4x GPU - Performance Problem: Using 4 devices == Using 3 devices

Hi,

I’m using two GTX 295. The four devices are active. My code is part of a render app, meaning that the CUDA code is inside a loop.
Using 1 device: ~33 fps
Using 2 devices: ~55 fps
Using 3 devices: ~73 fps
Using 4 device: ~73 fps

I’m sure that i’m using four devices. The visual prof. shows 4 contexts for 4 different devices and that the kernel CPU time for two of those devices is very high(equivalent to 73 fps). I supose that it is a thread sync problem, but i don’t know what it is. I used A master slave model (1 master thread + 4 slave threads), using the Windows API. I also used the GPUWorker and the result was the same…

Does anybody knows what problem could it be?

Sounds like a CPU bottleneck. Specifically, it appears that you’re trying to run 5 threads on a 4 core CPU. The problem is that Windows thread scheduling is woefully inadequate for this, leading to such horrors as a thread being switched out and switching back in for as long as 30ms. That’s the time it takes to render a frame!

Thankfully, you can work around all this, at least to an extent.

First, make sure each of your devices has

cudaSetDeviceFlags(cudaDeviceScheduleYield);

That will get them to release the CPU when they hit a sync, thus allowing other threads a chance of running sooner rather than later.

Second, whenever one of the threads reaches a point where it can’t continue (worker thread runs out of commands, master thread has filled up the command queue), call

SwitchToThread();

This will yield the thread, again, allowing the other threads a chance to run, particularily, if the worker thread has nothing to do, then that master thread needs to end up scheduled asap!

Another thing to do is some amount of pipelining. That is, once a thread has sent all its data to the GPU and started a kernal, it’s safe for the master thread to come in and start writing the data for the next frame. That means that the worker thread might not have to wait for data when it finishes its current job, but can go straight on into the next.

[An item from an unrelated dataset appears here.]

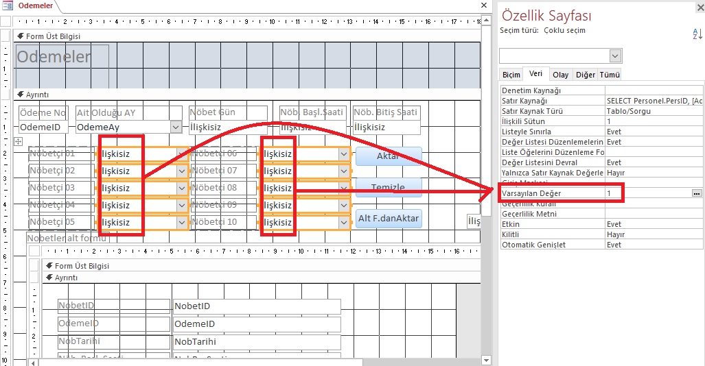 | Tablodaki Alanı Alt Tablodan Alınan Değerle Güncelleme Sorgusu | Lidervet | 7 | 637 |

One last thing you can do is juggle thread priorities. For instance, if a worker thread runs out of jobs, it can raise the priority of the master thread, so that it’s more likely to be scheduled. Then, the master thread can reset its priority once it fills all available queues, and even raise the priorities of the worker threads. This way, you can have at least some control in getting the right threads at the right time. The call for this is

SetThreadPriority(ThreadHandle,THREAD_PRIORITY_NORMAL);

I’d recommend not raising the priority of any thread higher than THREAD_PRIORITY_NORMAL, since this can slow down the whole system. Instead, use THREAD_PRIORITY_BELOW_NORMAL for any thread that runs out of things to do. Set it back to normal when another thread finds something for it to do - either the master thread now has an empty queue to fill, or a worker thread has just had it’s queue filled, and is free to run again.

Using all these techniques, I managed to get flam4 from running about 1 GPU at a time to using all 3 fairly efficiently. This is on a 2 core system, so we’re talking about 4 threads (1 master + 3 slaves) here.